Is God a conspiracy theory?

Religious beliefs have a lot in common with paranoid “conspiracy theory” beliefs. It’s worth taking a look, and asking the question: Is God just one big conspiracy theory?

First, let’s look at some of the superficial similarities between the most common religious beliefs and paranoid “conspiracy theory” types of beliefs.

1) There is something that has extraordinary powers that knows the intimate details of your life, your mind, and your intentions even before you act.

2) This thing with extraordinary powers has a specific agenda, and will punish you if you do not comply with that agenda.

3) There is no direct evidence (only indirect evidence) that this thing with extraordinary powers exists and acts within the world.

When this “something” is the Illuminati or “The Jews” or a top-secret government cabal that nobody has ever heard of, we refer to these beliefs as a “conspiracy theory”. But when the “something” is God, we refer to the exact same set of beliefs simply as “religion”.

And that is just the surface similarity.

But above and beyond that, there is also a similarity in the way these beliefs are treated by people when they are thinking.

Psychologists and anthropologists who study religious belief have long recognized that religious beliefs operate in a manner that is different from “regular beliefs”. Religious beliefs are constructed in a way that is inherently non-falsifiable. There exists no experiment that can falsify the existence of angels, or of an afterlife, or of a God that answers all prayers. Even events that might appear on their face to deny the belief can be interpreted in a way that is not threatening to the core belief itself (e.g. “God works in mysterious ways” or “God answers all prayers, but sometimes the answer is ‘no’.”)

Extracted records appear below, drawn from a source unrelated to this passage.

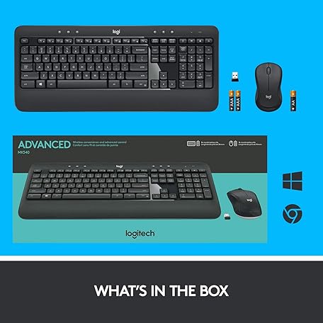 Thông tin sản phẩm Logitech MK540 Advanced Wireless keyboard mouse set, 2.4 GHz wireless connection via USB Unifying receiver, 3-year battery life, Windows and ChromeOS PC / laptop, Dutch QWERTY layout
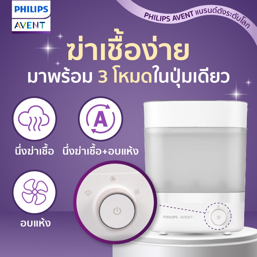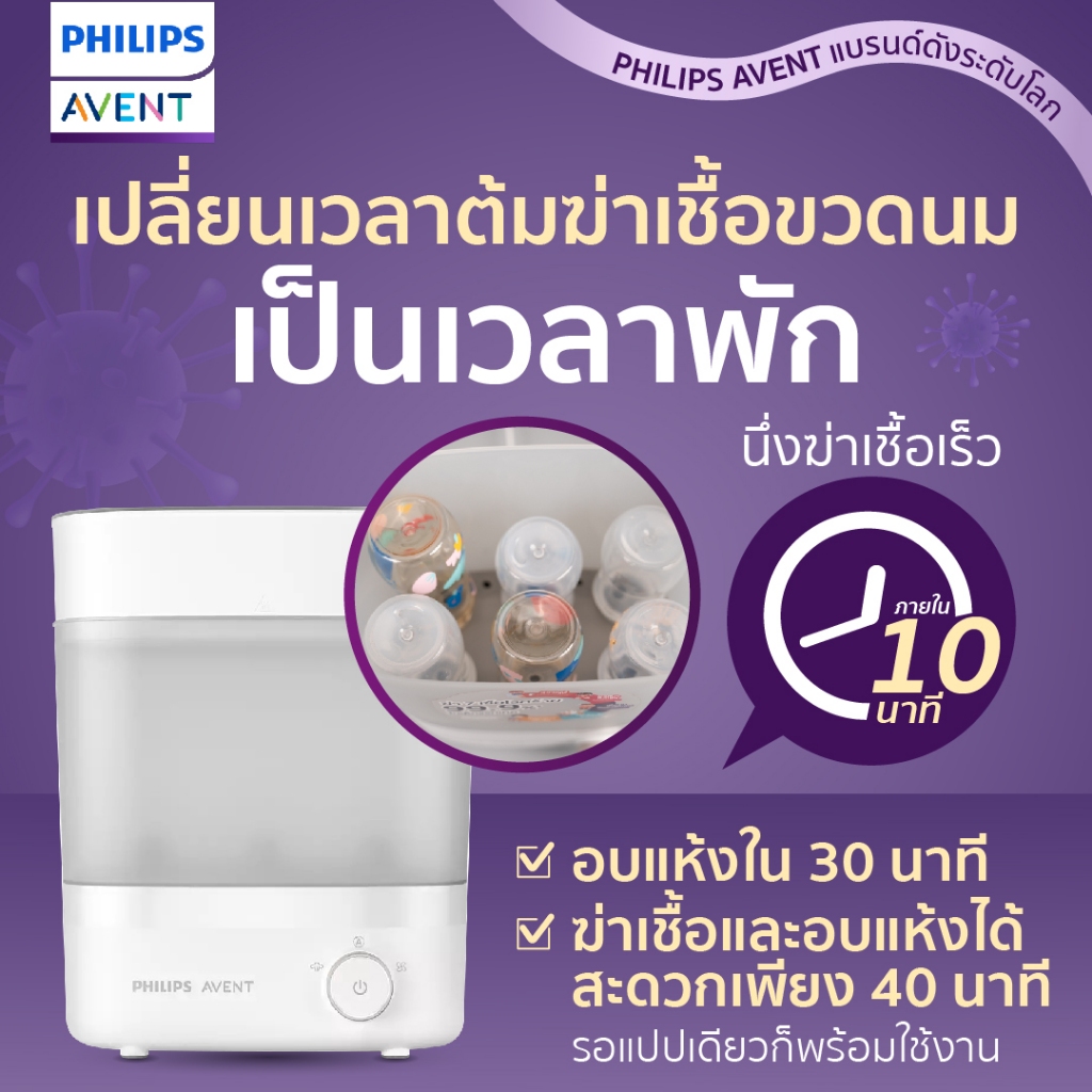 Philips Avent ฟิลิปส์ เอเว้นท์ เครื่องนึ่งฆ่าเชื้อพร้อมอบแห้งได้อย่างรวดเร็ว SCF293/00
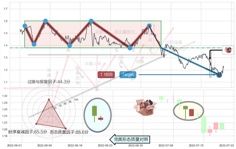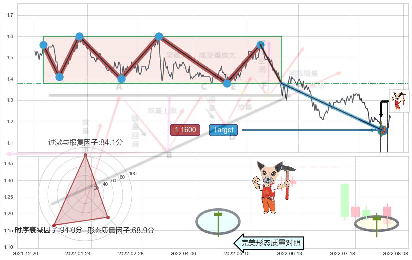 ➢ 【卖1】: 激进型 卖点→(2022-03-08: 1.3800 )形成突破下跌矩形整理【整理】形态
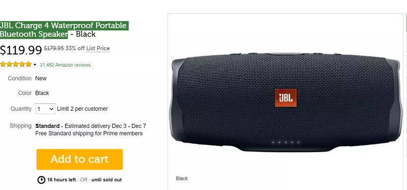 JBL Charge 4 Waterproof Portable Bluetooth Speaker is now available at a discounted price from Woot. The Bluetooth speaker is now available for $119.99, down from $179.95. Grab this deal.

This is different from your normal day-to-day beliefs about the world. You believe that your friend is home, but if you go to your friend’s house and see that it is empty, you do not construct an elaborate explanation that allows you to continue the belief in the face of this new evidence: you simply stop believing that your friend is home.

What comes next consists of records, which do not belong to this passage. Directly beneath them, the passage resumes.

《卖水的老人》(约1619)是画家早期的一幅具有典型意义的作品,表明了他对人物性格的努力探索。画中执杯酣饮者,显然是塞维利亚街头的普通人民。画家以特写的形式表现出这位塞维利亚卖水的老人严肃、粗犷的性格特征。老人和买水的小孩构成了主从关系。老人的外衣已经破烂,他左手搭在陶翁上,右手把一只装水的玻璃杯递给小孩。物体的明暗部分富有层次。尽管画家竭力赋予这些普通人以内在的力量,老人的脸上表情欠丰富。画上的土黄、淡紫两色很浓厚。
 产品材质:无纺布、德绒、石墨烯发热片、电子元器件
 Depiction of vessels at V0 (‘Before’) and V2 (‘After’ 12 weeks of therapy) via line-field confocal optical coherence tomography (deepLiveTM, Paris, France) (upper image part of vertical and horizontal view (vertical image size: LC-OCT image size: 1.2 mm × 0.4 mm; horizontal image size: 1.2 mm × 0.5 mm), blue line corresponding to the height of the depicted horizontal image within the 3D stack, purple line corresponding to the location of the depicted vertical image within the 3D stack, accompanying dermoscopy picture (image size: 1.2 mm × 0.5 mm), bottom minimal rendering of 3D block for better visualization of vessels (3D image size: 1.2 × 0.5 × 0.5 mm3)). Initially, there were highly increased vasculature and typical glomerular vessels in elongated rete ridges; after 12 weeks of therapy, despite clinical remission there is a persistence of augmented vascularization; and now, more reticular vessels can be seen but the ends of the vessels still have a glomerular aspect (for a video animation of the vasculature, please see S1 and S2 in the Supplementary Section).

Conspiracy theories, on the other hand, function exactly like religious beliefs. Any evidence that can be interpreted as consistent with the theory will be seen as supporting evidence, whereas any evidence that is inconsistent will be seen as part of the “great plan” that is obfuscating the truth.  Moreover, the belief itself is taken as a given that need not be proved.  On the contrary, the believer in a conspiracy theory (much like a believer in God) will ask a person who does not believe to prove that the theory is false.

 


 

So this raises an interesting question: Are “conspiracy theories” and “religion” just similar and overlapping mental constructs, that maybe draw on some of the same underlying elements?

Or is it more simple than that?

Is belief in God just an example of the biggest, most popular, most widely-accepted conspiracy theory in all of human history?